Moore explains how SAP's X-Application framework and NetWeaver application integration engine, will change the nature of enterprise computing.

As the senior vice president for SAP's Cross Applications Division at SAP Labs, Dennis Moore is driving SAP's embrace of composite applications. Such applications, which comprise multiple Web services, should simplify how solution providers integrate SAP with other applications. In an interview with CRN Editor-in-Chief Michael Vizard, Moore talks about how SAP is making it easier for solution providers to partner with the company and explains how composite applications, combined with SAP's X-Application framework and NetWeaver application integration engine, will change the nature of enterprise computing.

CRN: How will solution providers now find it easier to work with SAP?

MOORE: There were always two issues. One was the technology and second was the business model that makes it compelling for different companies to work together. Over the past two years, there has been a great improvement in the technical capability of integrating with SAP. And Web services standards will make it a little bit easier for partners to build a composite applications that will work on a PeopleSoft, SAP backbone or someone else's environment. Today, we have about 15 x-apps partner products in the pipe line. Over time, 80 percent of those applications will be built by partners.

That leads to the business model issue. SAP has become a partner-friendly ecosystem. We understand that partners need to create value for our customers in a way that would be more economically efficient for us than if we were to create it. In the past, there were enormous costs to join the partner program and all kinds of education you had to do. And you had to have an executive sponsor and three customers. We're using partners in a much more strategic way rather than the more tactical view that many enterprise software companies had. The result is that there is a sustainable area in the ecosystem. And we are going to have to do much better as an ecosystem host than we have been before. I think over the past few years with programs like Powered By NetWeaver, we've really had huge success in that direction.

CRN: How does one become an SAP partner and how many levels are there?
MOORE: As part of our application partner nomination process, we select one and only one partner for each topic area. We have another program called Powered By NetWeaver where we can have as many partners as are interested. [At the lowest level is] our SAP Partner Network. The Powered By NetWeaver program is a level above SPN membership. Anybody can be a member of SPN. Powered By NetWeaver is a program where people develop solutions. So the top of the pyramid is the partner program where we have both services and application partners. We don't have technology partners there. The technology partners are all part of the Powered By NetWeaver program.

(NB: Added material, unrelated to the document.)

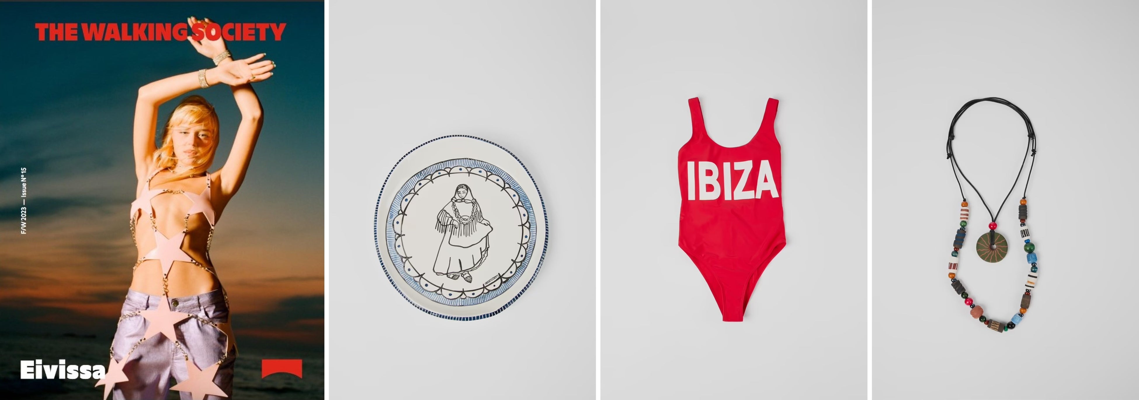 (左から)”The Walking Society” magazine、Pagesa ceramic plate、Vintage "IBIZA" swimsuit、Two traditional necklaces

CRN: How do you work with the higher level application partners in terms of going to market?
MOORE: SAP markets jointly with the partner. We book the order on our paper so customers are not afraid of the risk because we stand behind it and we guarantee that we will keep it working even if the partner doesn't survive. Having a relationship with SAP is not a bad thing. But now we're making a simpler program to understand. When a company submits a nomination, it is evaluated by the industry and business product groups where it is closely related. If they agree that that is not a space that they have an immediate interest in building their own products, then we go to market with the partner after they have passed the technical certification. We help them with the engineering. We help them with the design. And we help them with the recruitment of hiring customers for feedback.